The present disclosure has the following beneficial effects: the present disclosure provides a mapping relationship between tensor variables generated in the computation graph executing process, and physical registers and a memory, and provides an optimization method based on the mapping relationship. The register may store the storage position of the tensor variables generated in the computation graph executing process in the memory. A conventional tensor variable storage method is to directly store the values of the tensor variables in the memory. As the values of the tensor variables may be stored in the memory or may be stored in the register, considering that the register allows a central processing unit to directly access and has the characteristic of high access speed, so according to the memory optimization method by virtue of the register provided by the present disclosure, the memory of a data flow of a computation graph provides for neural network computing is optimized, the memory overhead required by the tensor variables in the data flow is reduced, and requirements of the large models on hardware memory resources are reduced. According to the memory optimization method for neural network computing, the computing efficiency of the whole computation graph is improved, and hardware and time costs are saved.

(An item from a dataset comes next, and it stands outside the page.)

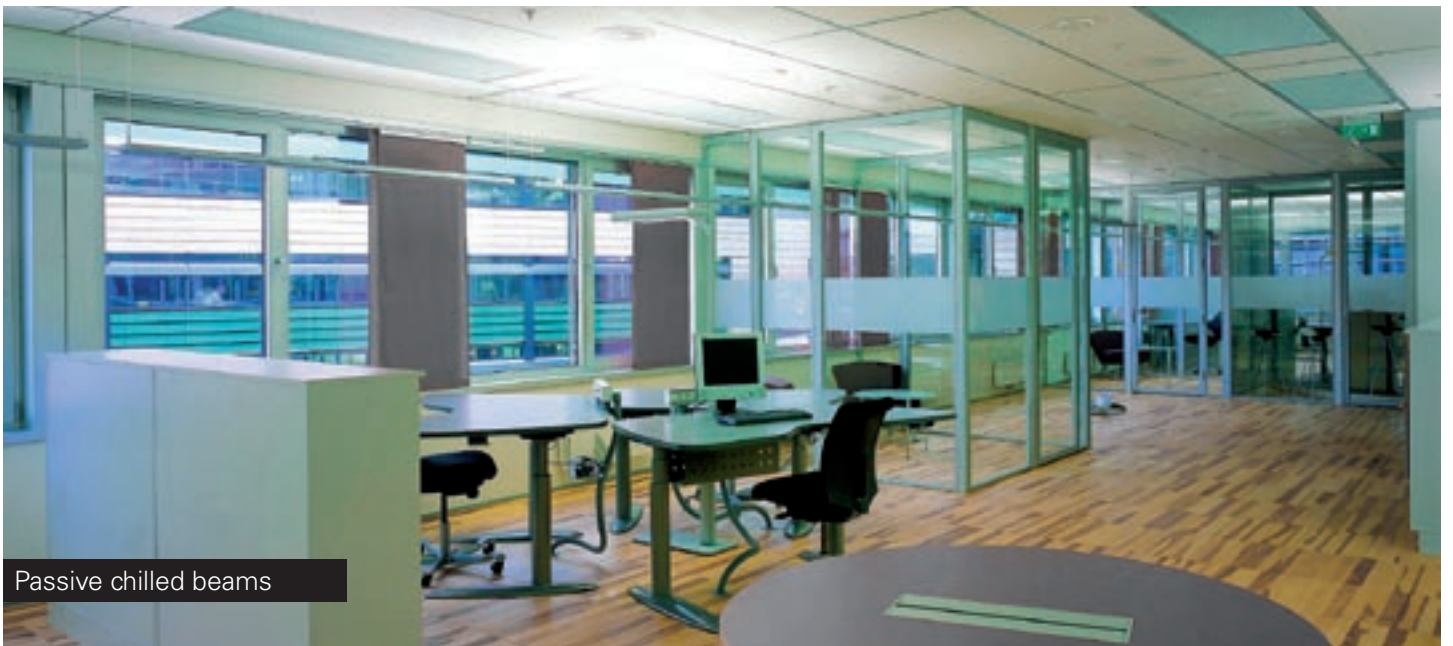
Passive chilled beams

The following description of the at least one exemplary embodiment is actually merely illustrative and never constitutes any limitation to the present disclosure and application or use thereof. All other embodiments obtained by a person of ordinary skill in the art based on the embodiments of the present disclosure without creative efforts shall fall within the protection scope of the present disclosure.
Referring to
-
- step S1: a computation graph is reconstructed into a topological structure computation graph.
- Step S11: the computation graph is traversed in a postorder sequence to obtain a subgraph access list,
- where the postorder sequence is that when a certain node of the computation graph is accessed, a successor node of the node is accessed preferentially and recursively.
- Step S12: the postorder subgraph access list is subjected to negative sequence operation to obtain a topological structure sequence of the computation graph.
- Step S13: the computation graph is reconstructed according to the topological structure sequence to obtain a topological structure computation graph.
- Step S2: a life cycle interval about tensor variables is constructed, which is specifically as follows:
- a life cycle interval about tensor variables included in each node is constructed, the life cycle interval corresponding to the tensor variables included in the node starting at the position of a first node in which the tensor variables are in a survival state and ending at the position of the last node in which the tensor variables are in a survival state.
- Step S3: a scanning line about the life cycle interval is constructed, which is specifically as follows:
- a scanning line parallel to the life cycle interval at the start node is constructed at the start node of the topological structure computation graph, the scanning line being used to observe whether idle registers are able to be allocated to tensor variables during data flow execution in the process of moving from a start end of the life cycle interval to a termination end of the life cycle interval.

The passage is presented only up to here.